Snap shots

Kosovo

Kosovo

Kosovo

Journalist Adelina Ahmeti, 24, sees it as a social responsibility to report fairly on violent extremism.

The reporter for the Balkan Investigative Reporting Network was awarded an annual award for a series of articles she wrote on the children of returned foreign terrorist fighters who had travelled abroad to join ISIS.

“There is a very high number of children who have been born in Iraq and Syria who haven’t received any kind of education to date,” Adelina said. “Journalists should report more careful, thinking in advance what the negative consequences of their reporting may be.”

Kosovo had Europe’s highest per capita rate of people joining ISIS and its affiliates in Syria and Iraq. Between 2012 to 2015, some 355 men, women and children, traveled to the warzone and a further 76 children were born there. While most are now enrolled in school, Adelina’s reporting showed that they had very specific needs.

Since the first cohort of foreign terrorist fighters started returning to Kosovo in April 2014, the investigative network went from town to town, assessing repatriation efforts. The GCERF-funded research revealed a lack of human resources in government centres for social assistance and unemployment. It also found that there were not enough psychologists to provide specialist care.

Women reported hostility from other members of the community and for children, Adelina found that schools would have to adapt their curricula to accommodate students new to learning.

“In a district of Pristina, there are children from 7 to 14 years old in one class and they are not mixed with other students in the school,” she said. “They are getting an accelerated programme which will bring them to the same level of education as the others.”

In other places, the Ministry of Interior has designed programmes especially for repatriated children.

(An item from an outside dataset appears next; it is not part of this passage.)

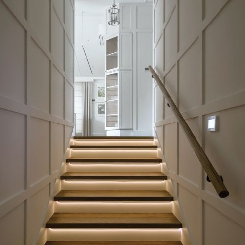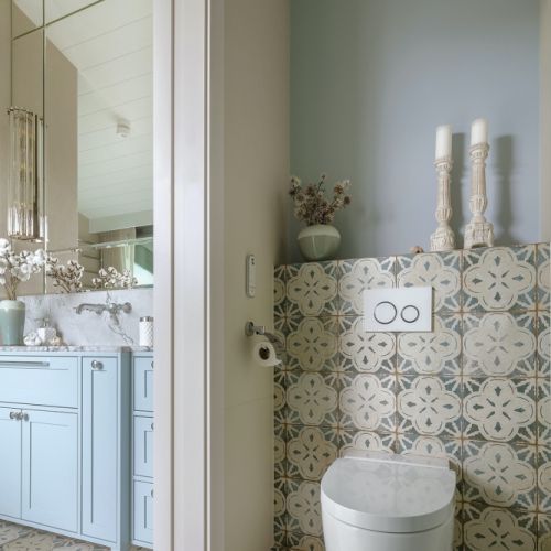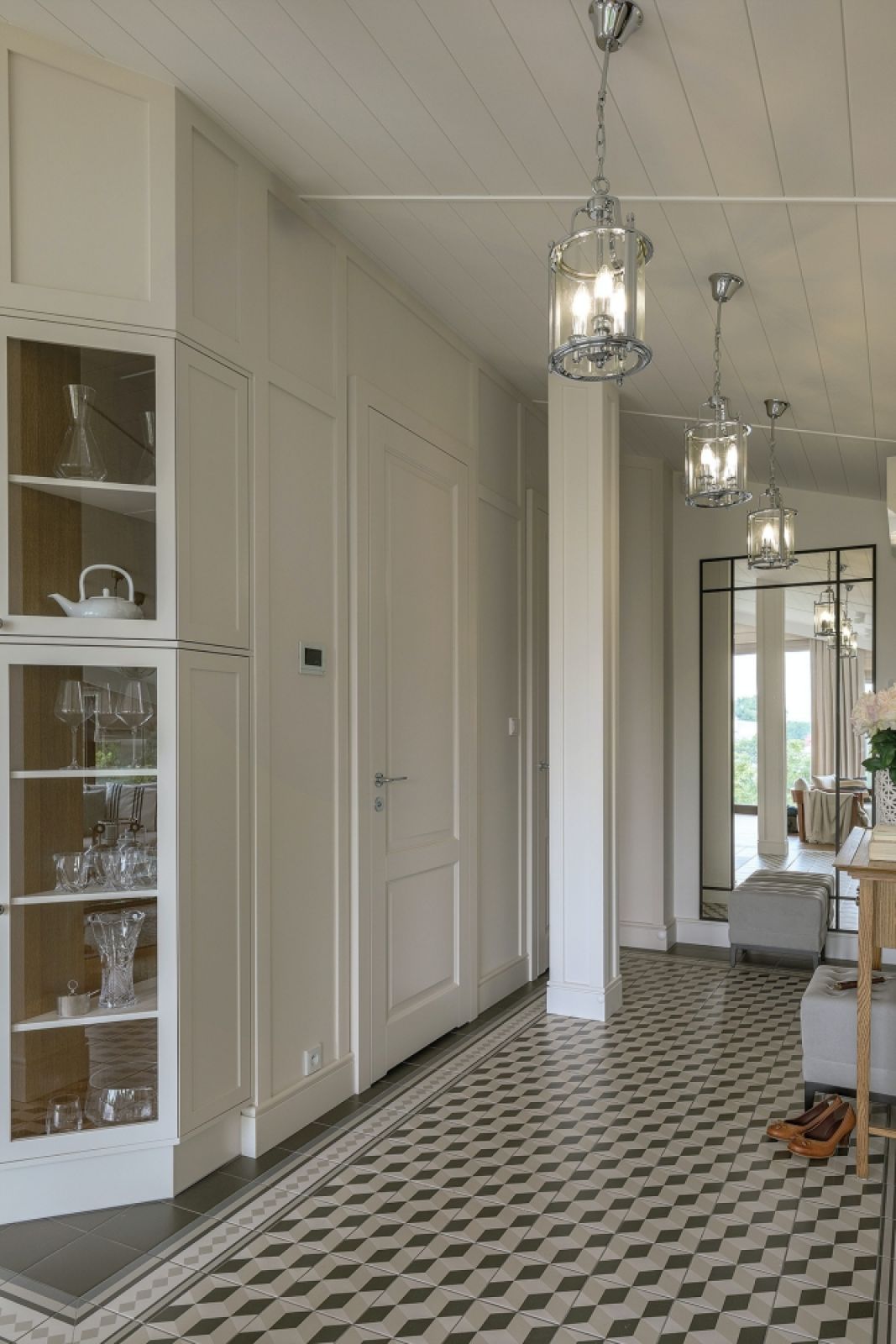 Odrębność holu podkreślona została też przez inną posadzkę – z płytkami. Z niego przechodzi się do zamykanej drzwiami strefy prywatnej, a naprzeciwko – do strefy dziennej z toaletą dla gości. W holu wygospodarowano też sporo miejsca do przechowywania.

“There are specific instructions given to the teachers once the repatriated children are registered in school, in order to assess the level of ability that these children have in different skills and subjects such as mathematics, Albanian literature and so forth,” she said. The teachers then monitor their progress and recommend complementary classes outside of school hours as required.

The findings in the report were used as an advocacy platform to improve the capacity of local authorities to integrate the returning population more effectively. To tackle stigmatisation, GCERF funded the investigative network to host a series of trainings for journalists, and attended by the National Coordinator for Counter Terrorism and Preventing and Countering Violent Extremism, Fatos Makoli. Their purpose was to encourage the media to use their position to make reintegration more palatable to the community, rather than “report in a way that leads to bullying of kids or that further stigmatises returnees,” Adelina said.

Winning the prize, awarded by the Coalition of NGOs for Child Protection in Kosovo, KOMF, was one of the most fulfilling moments of her career. Awarded for the social protection of children, she feels motivated to continue her reporting on the children of returned foreign fighters.

Attending their extra-curricular activities, Adelina has witnessed the children change.

“The curiosity with which they are seeing the world – the new phenomena and the new environment that they didn’t have before – observing this is so inspiring,” she said.

“Even though we are a small county and we have limited resources, we should do our best to reintegrate men, women and children in the most effective way and make them part of our society again.”